**EXERCISE REQUIREMENTS:**
What you output must match, exactly, the lines from the start of the records to the line containing "a security camera", both ends kept and pictures excluded.

**SUPPLIED MATERIAL:**
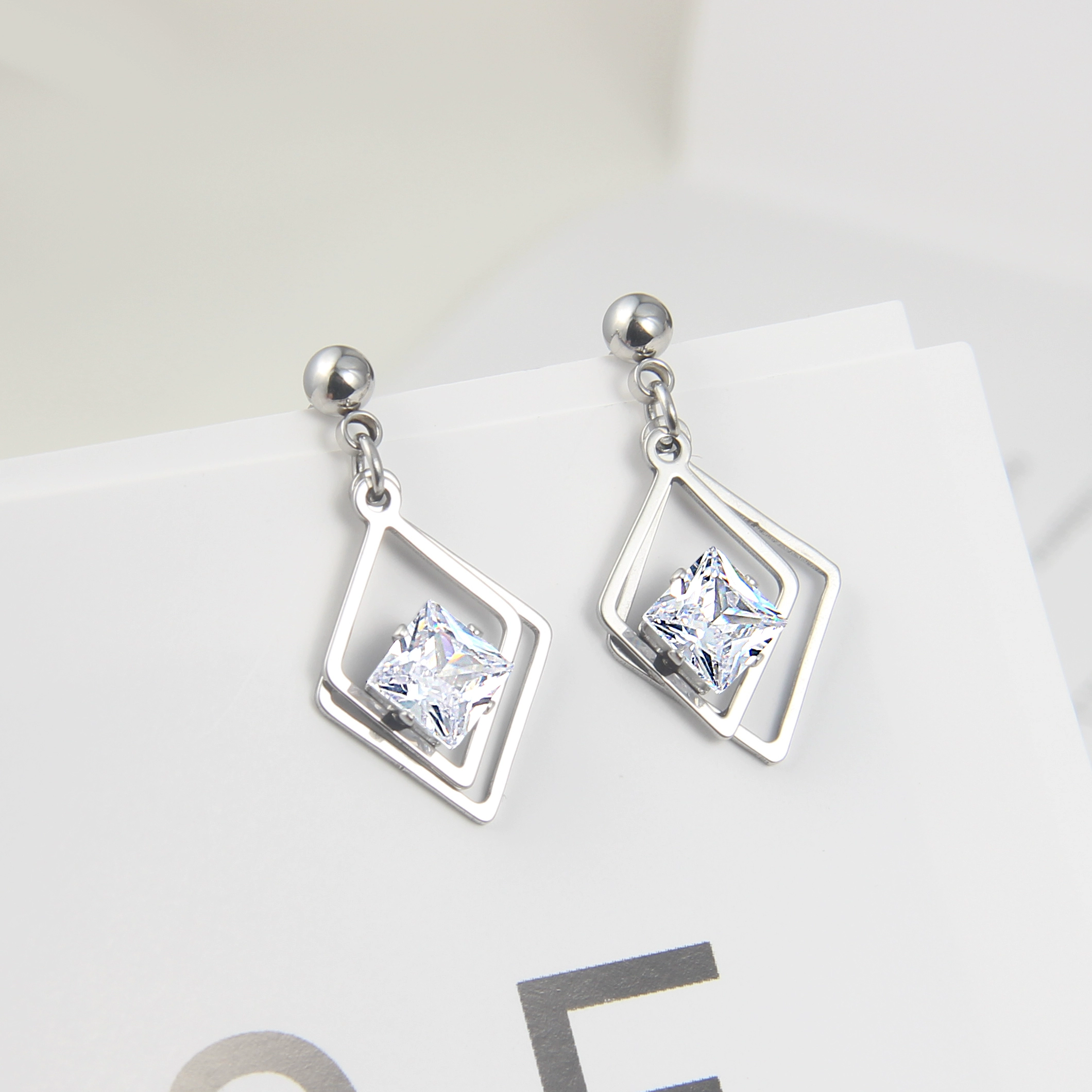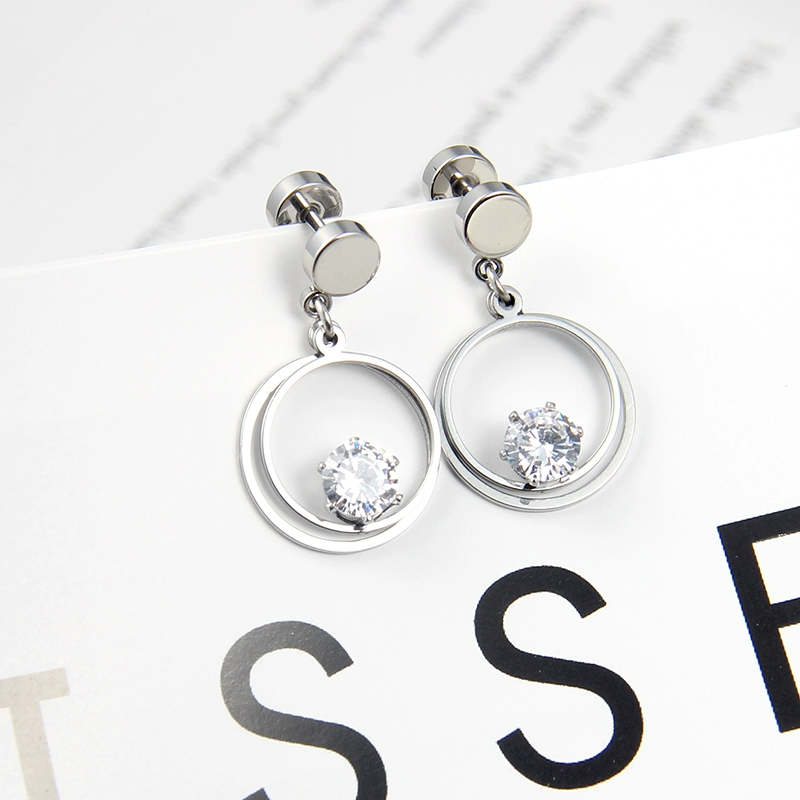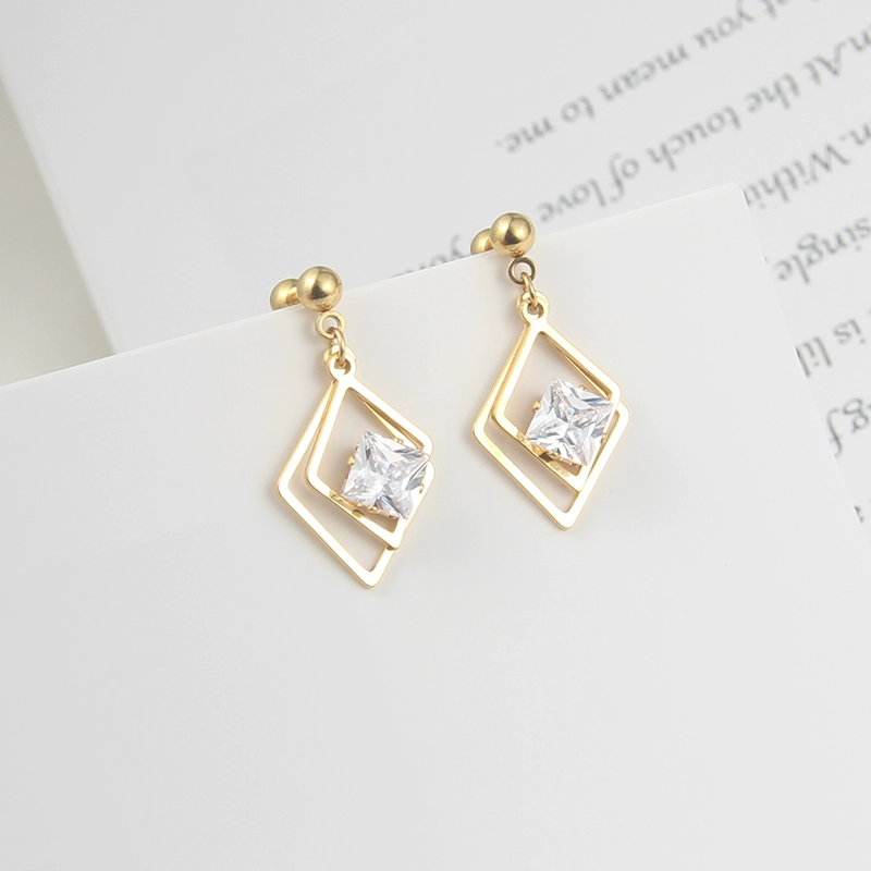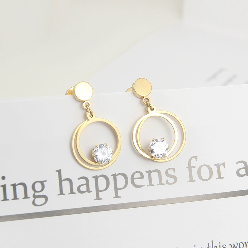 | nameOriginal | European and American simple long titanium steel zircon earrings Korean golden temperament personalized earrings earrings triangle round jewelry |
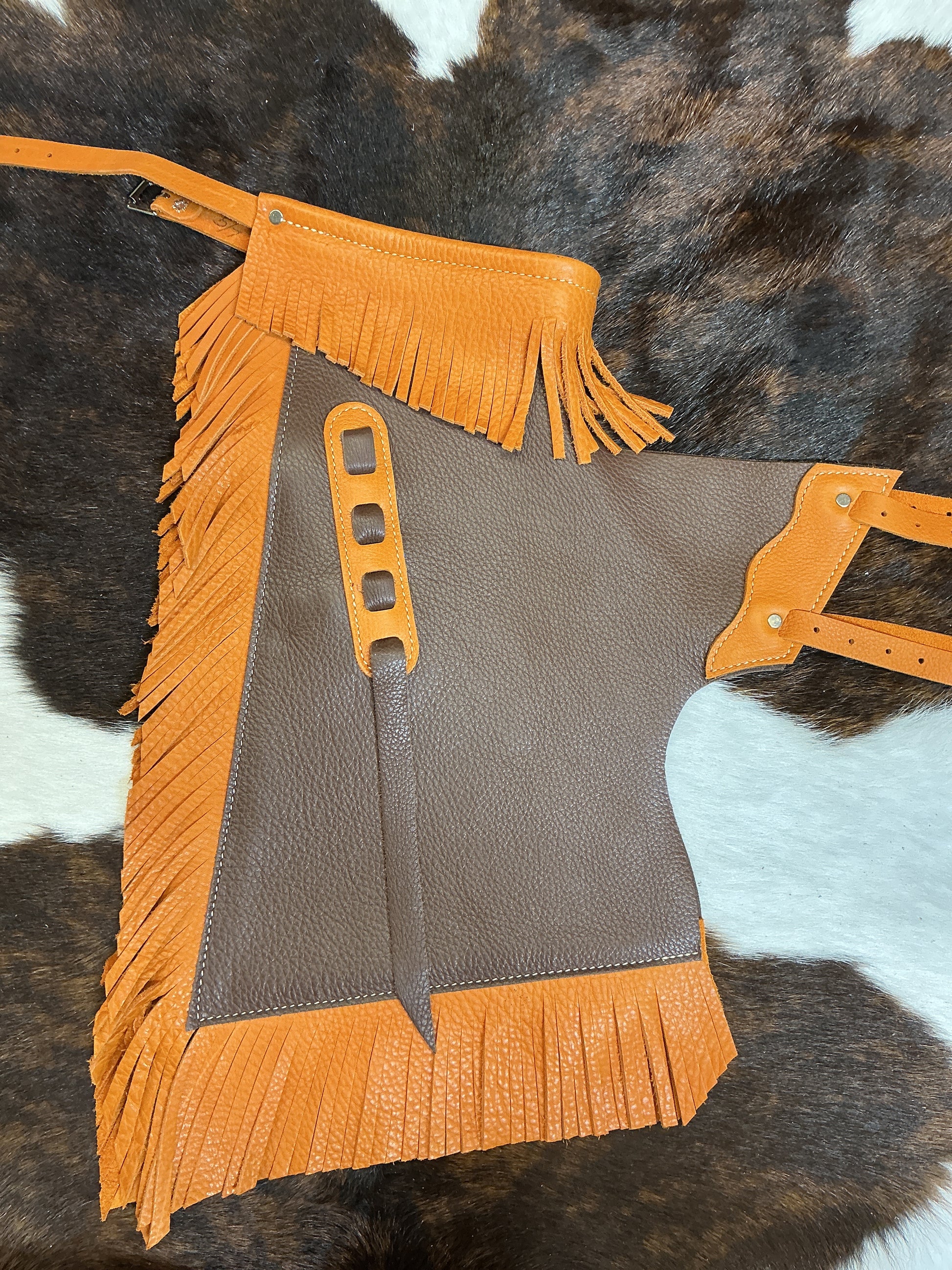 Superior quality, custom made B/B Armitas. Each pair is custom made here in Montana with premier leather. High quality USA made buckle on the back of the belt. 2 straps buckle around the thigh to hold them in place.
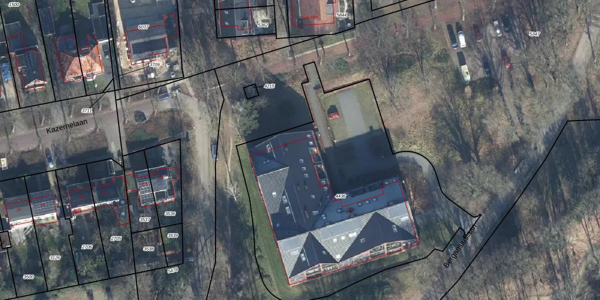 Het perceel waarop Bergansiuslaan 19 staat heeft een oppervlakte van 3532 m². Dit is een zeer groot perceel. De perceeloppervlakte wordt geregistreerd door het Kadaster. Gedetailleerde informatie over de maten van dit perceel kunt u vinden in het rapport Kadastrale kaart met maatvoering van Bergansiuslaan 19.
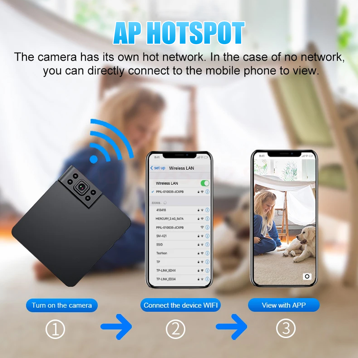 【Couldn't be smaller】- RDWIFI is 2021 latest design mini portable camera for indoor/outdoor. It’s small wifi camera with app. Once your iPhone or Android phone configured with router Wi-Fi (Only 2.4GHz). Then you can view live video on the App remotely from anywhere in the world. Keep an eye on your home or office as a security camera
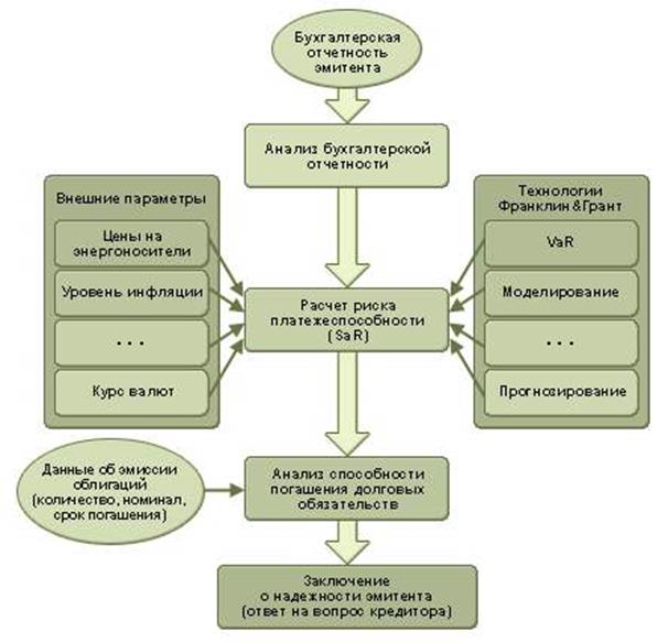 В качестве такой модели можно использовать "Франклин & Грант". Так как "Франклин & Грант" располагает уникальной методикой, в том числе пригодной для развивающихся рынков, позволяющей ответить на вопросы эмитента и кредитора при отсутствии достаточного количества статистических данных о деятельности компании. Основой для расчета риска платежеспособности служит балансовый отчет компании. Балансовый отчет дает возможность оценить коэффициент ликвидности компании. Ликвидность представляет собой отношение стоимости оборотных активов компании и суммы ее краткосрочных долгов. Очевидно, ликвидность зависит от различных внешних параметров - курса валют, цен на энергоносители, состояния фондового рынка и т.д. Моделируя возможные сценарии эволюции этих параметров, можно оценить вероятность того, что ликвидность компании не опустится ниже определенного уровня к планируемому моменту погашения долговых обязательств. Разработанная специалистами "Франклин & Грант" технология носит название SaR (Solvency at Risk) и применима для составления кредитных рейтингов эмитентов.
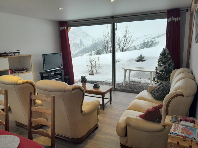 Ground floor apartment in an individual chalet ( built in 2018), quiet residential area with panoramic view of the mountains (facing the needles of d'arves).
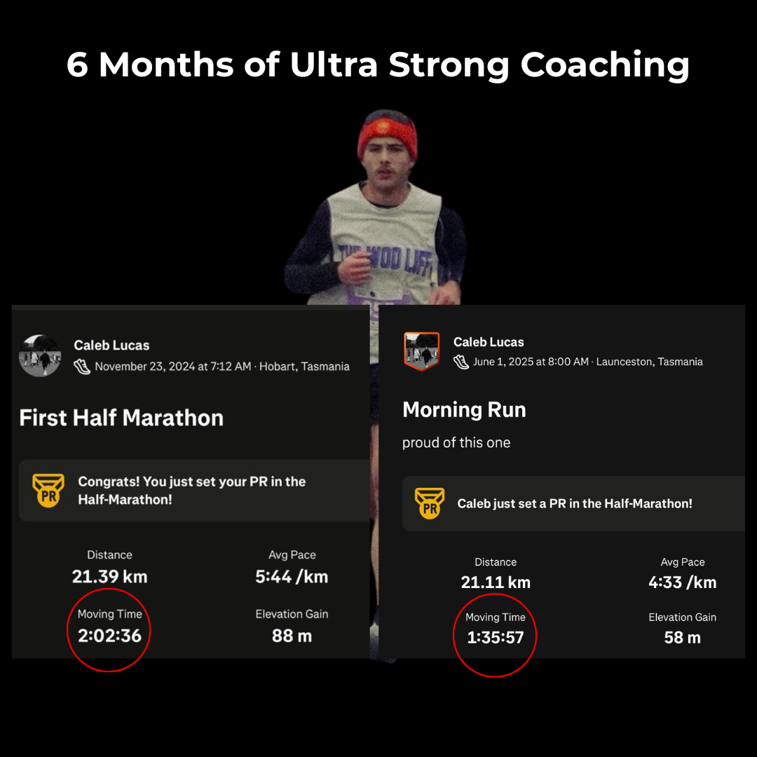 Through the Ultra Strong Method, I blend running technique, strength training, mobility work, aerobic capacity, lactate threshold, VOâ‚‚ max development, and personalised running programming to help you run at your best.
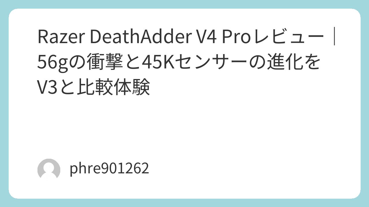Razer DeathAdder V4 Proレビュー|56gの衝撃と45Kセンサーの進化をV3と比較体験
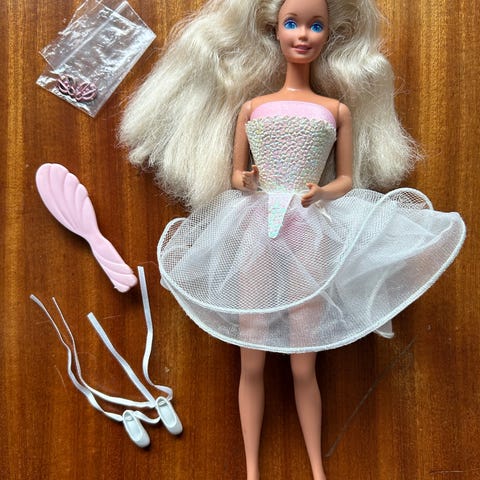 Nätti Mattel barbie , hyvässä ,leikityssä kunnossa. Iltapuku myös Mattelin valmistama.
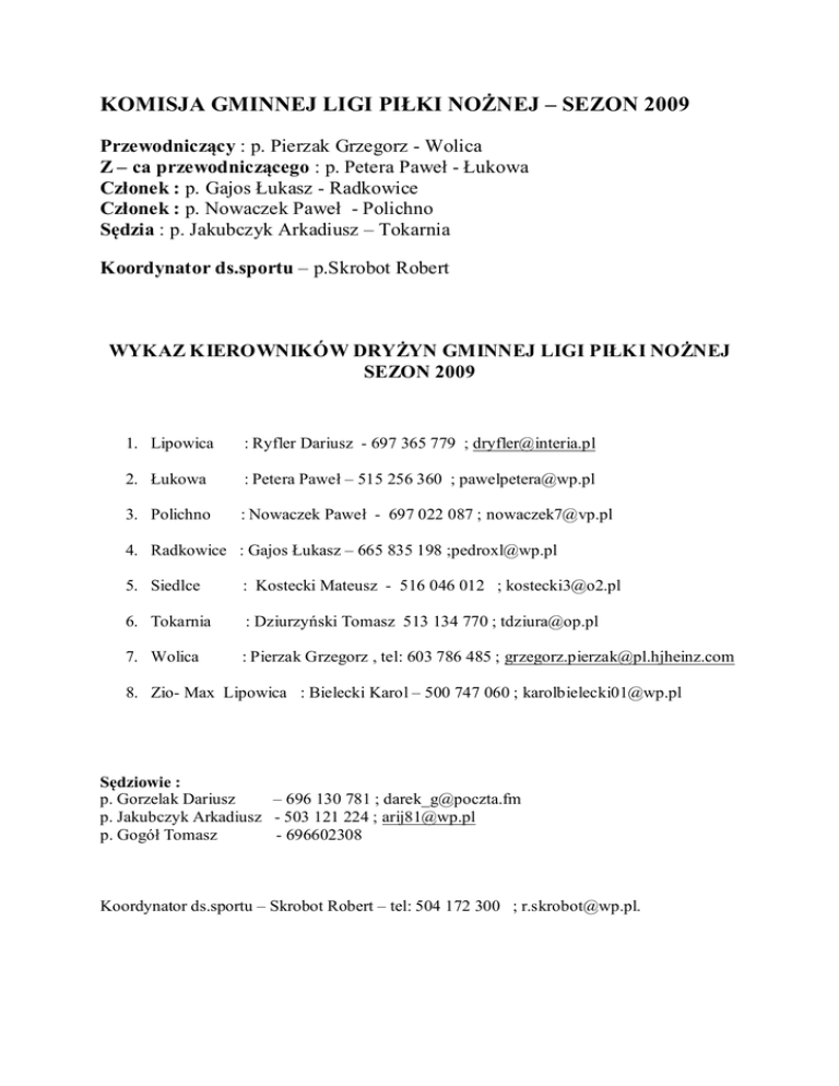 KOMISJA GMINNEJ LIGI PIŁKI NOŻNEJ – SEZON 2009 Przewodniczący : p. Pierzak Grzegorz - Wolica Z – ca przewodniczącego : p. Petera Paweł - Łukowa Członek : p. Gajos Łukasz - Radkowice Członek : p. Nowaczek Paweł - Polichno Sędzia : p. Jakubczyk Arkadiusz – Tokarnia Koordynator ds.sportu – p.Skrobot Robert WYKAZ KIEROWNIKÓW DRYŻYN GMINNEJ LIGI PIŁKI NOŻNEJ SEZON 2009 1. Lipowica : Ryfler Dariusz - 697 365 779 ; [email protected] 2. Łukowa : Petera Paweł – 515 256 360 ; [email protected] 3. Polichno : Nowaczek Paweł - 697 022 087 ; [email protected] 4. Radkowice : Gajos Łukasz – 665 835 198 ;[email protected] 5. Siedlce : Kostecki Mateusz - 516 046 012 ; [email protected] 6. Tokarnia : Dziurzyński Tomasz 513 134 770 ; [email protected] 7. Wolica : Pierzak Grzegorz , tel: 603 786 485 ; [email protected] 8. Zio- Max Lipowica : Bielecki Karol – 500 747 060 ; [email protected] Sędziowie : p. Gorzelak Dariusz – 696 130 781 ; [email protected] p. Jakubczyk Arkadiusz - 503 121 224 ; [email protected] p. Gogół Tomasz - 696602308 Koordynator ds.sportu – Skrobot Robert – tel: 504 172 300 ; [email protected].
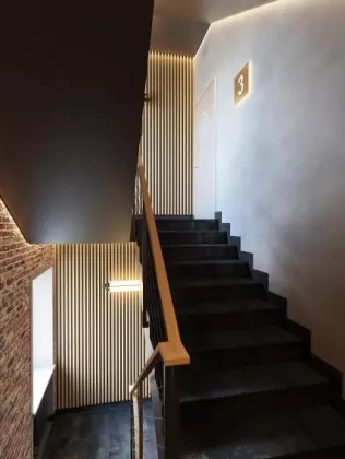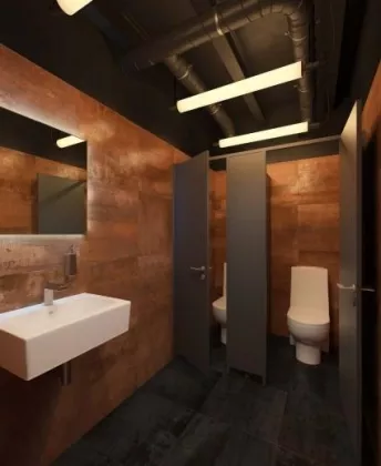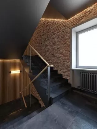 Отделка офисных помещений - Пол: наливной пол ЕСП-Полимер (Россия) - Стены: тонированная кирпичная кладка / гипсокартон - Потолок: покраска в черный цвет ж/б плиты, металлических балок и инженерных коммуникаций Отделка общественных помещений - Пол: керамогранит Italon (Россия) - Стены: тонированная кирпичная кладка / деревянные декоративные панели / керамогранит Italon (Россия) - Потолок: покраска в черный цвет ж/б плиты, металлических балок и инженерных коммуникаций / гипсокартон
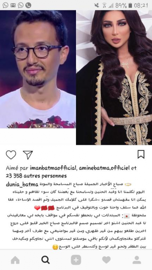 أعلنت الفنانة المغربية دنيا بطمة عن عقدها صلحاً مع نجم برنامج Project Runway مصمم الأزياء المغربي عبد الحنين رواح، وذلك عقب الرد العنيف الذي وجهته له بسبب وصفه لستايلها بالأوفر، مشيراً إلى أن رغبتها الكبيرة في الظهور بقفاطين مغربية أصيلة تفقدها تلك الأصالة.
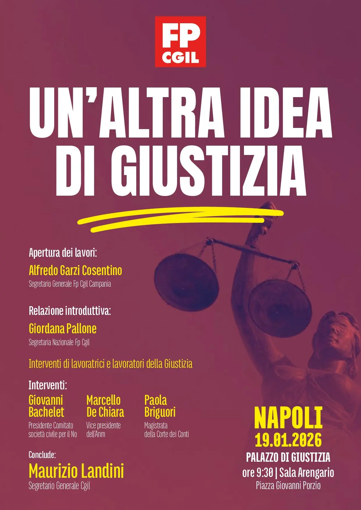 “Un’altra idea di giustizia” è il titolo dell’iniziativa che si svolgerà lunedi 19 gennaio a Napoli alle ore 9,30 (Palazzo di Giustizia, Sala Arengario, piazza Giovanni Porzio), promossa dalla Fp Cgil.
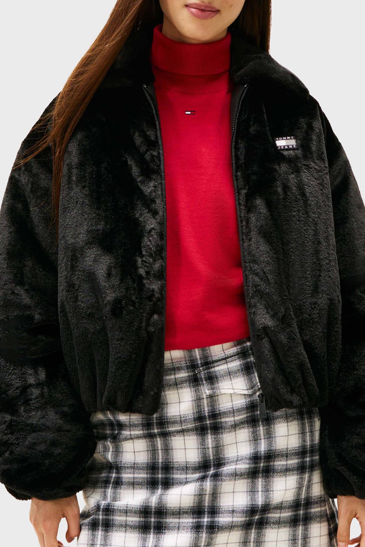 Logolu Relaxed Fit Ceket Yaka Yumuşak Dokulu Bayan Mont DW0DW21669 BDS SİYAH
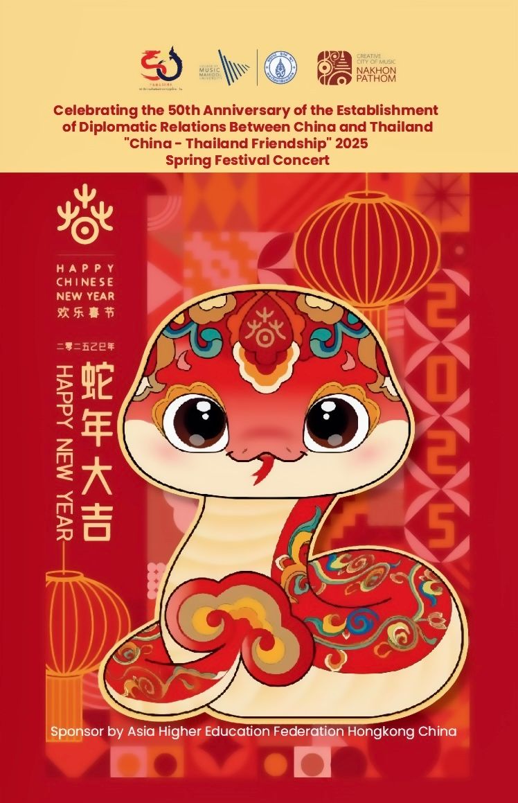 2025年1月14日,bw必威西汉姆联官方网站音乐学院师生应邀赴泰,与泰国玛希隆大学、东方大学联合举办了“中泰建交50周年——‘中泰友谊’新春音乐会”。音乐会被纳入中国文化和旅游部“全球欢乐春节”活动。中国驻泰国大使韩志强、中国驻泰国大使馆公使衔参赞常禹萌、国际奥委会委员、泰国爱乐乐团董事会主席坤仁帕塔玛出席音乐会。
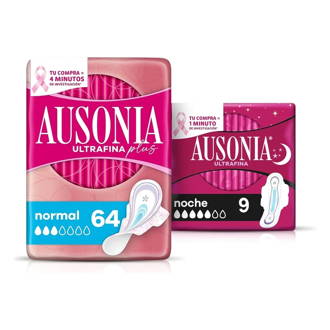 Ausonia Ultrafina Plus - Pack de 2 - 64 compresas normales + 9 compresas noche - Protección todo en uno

**SOLUTION FOR THIS TASK:**
 | nameOriginal | European and American simple long titanium steel zircon earrings Korean golden temperament personalized earrings earrings triangle round jewelry |
 Superior quality, custom made B/B Armitas. Each pair is custom made here in Montana with premier leather. High quality USA made buckle on the back of the belt. 2 straps buckle around the thigh to hold them in place.
 Het perceel waarop Bergansiuslaan 19 staat heeft een oppervlakte van 3532 m². Dit is een zeer groot perceel. De perceeloppervlakte wordt geregistreerd door het Kadaster. Gedetailleerde informatie over de maten van dit perceel kunt u vinden in het rapport Kadastrale kaart met maatvoering van Bergansiuslaan 19.
 【Couldn't be smaller】- RDWIFI is 2021 latest design mini portable camera for indoor/outdoor. It’s small wifi camera with app. Once your iPhone or Android phone configured with router Wi-Fi (Only 2.4GHz). Then you can view live video on the App remotely from anywhere in the world. Keep an eye on your home or office as a security camera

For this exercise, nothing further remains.